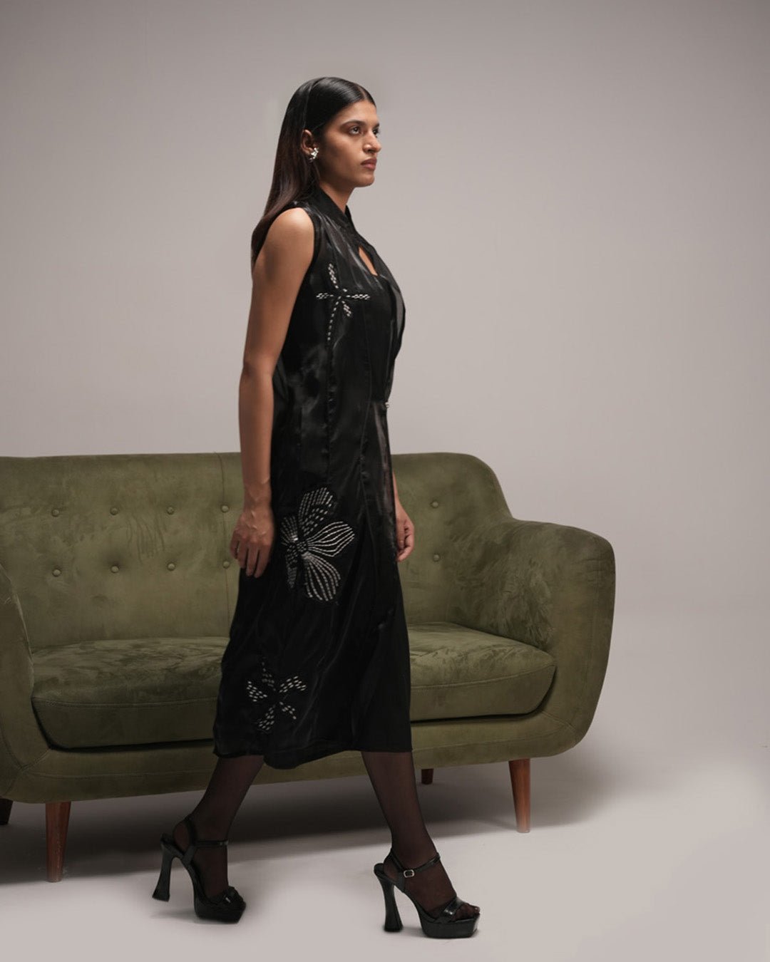 A luxurious long slip dress crafted from Russian silk, featuring a slightly A-line flared silhouette and a flattering V-neck. Layered with a detachable organza satin cap-style jacket, secured at the front with a delicate silver button loop, the overlay is adorned with intricate 3D floral and bird embroidery, blending ethereal elegance with artisanal craftsmanship for a statement look.
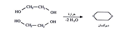 وعند تسخين جزئيي جليكول ايثلين مع حمض الكبريتيك المركز يتكون ديوكسان ( مذيب صناعي مهم ) :
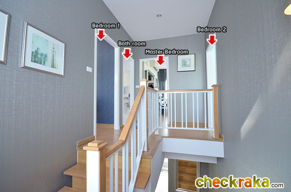 ตำแหน่งของห้องต่างๆ บนบ้านชั้น 2 งานพื้นชั้นบนทางโครงการใช้ไม้ลามิเนตค่ะ
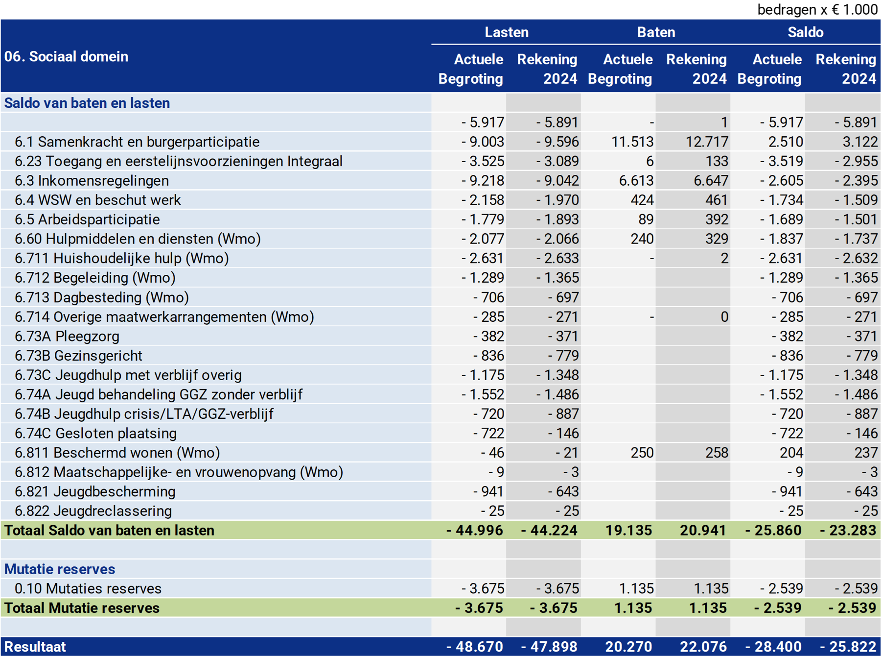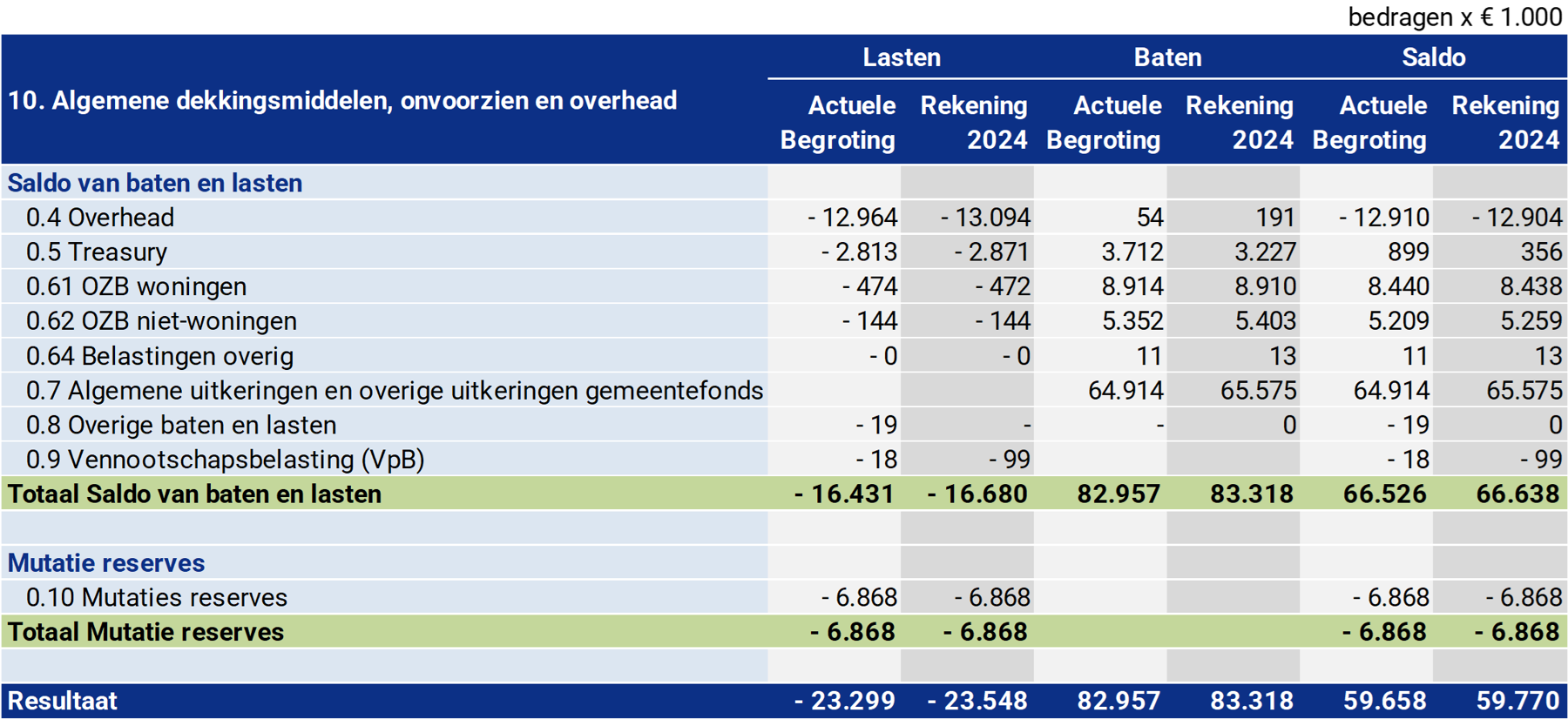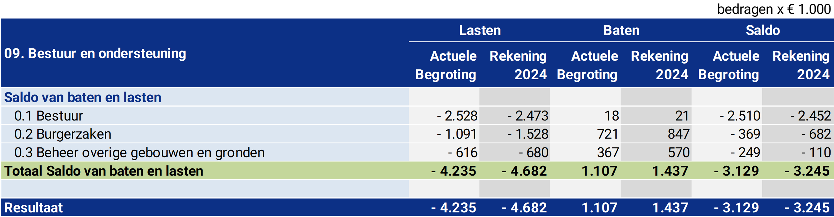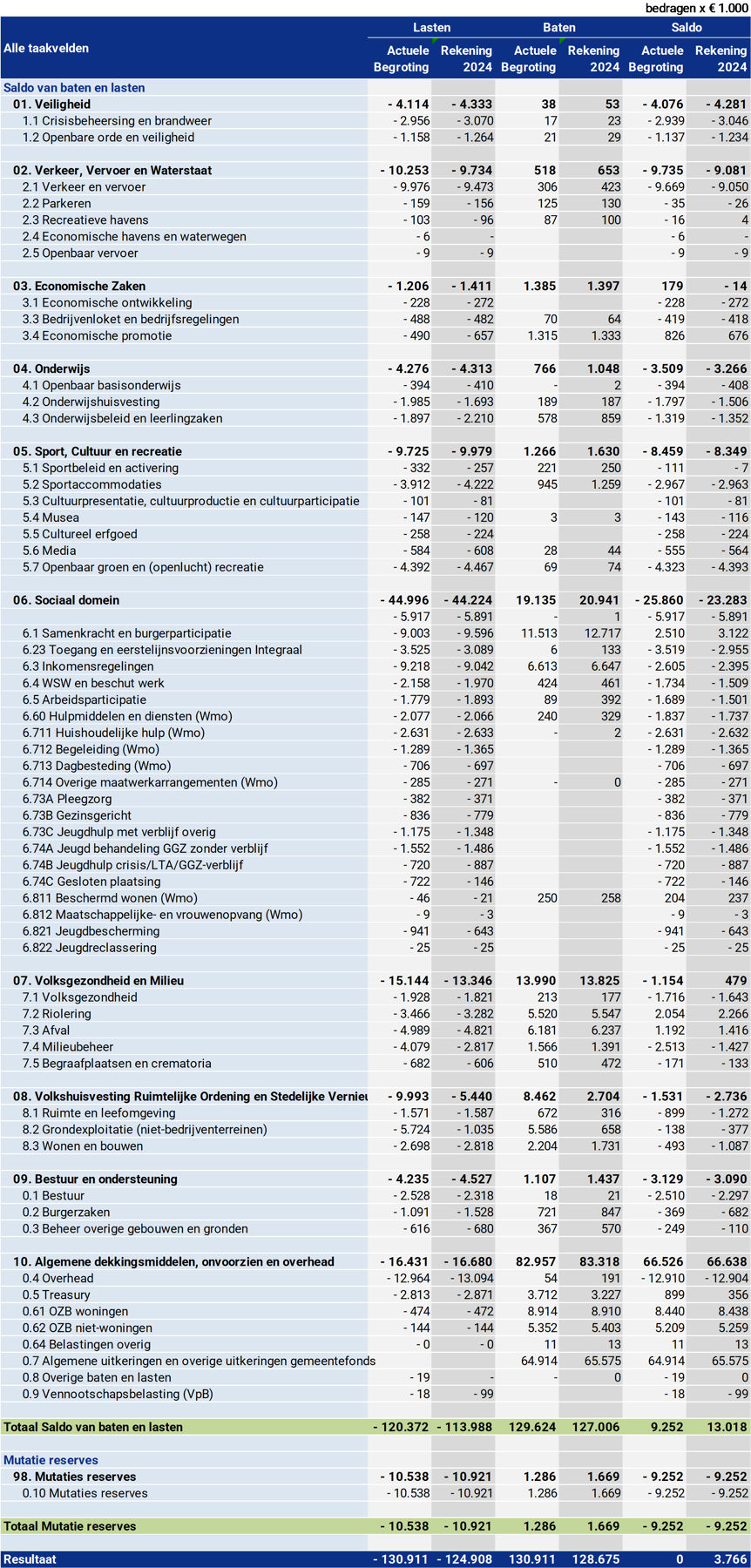 In de hierna volgende tabellen wordt inzicht gegeven is de lasten en baten per taakveld. In eerste aanleg op totaalniveau, vervolgens ook verdeeld over de programma’s.

**TASK OBJECTIVE**.
Find the line with "ตำแหน่งของห้องต่างๆ บนบ้านชั้น 2" in the listing above, then write it out along with every later line through the last one, exactly, omitting pictures.

**WRITTEN REPLY**.
 ตำแหน่งของห้องต่างๆ บนบ้านชั้น 2 งานพื้นชั้นบนทางโครงการใช้ไม้ลามิเนตค่ะ
 In de hierna volgende tabellen wordt inzicht gegeven is de lasten en baten per taakveld. In eerste aanleg op totaalniveau, vervolgens ook verdeeld over de programma’s.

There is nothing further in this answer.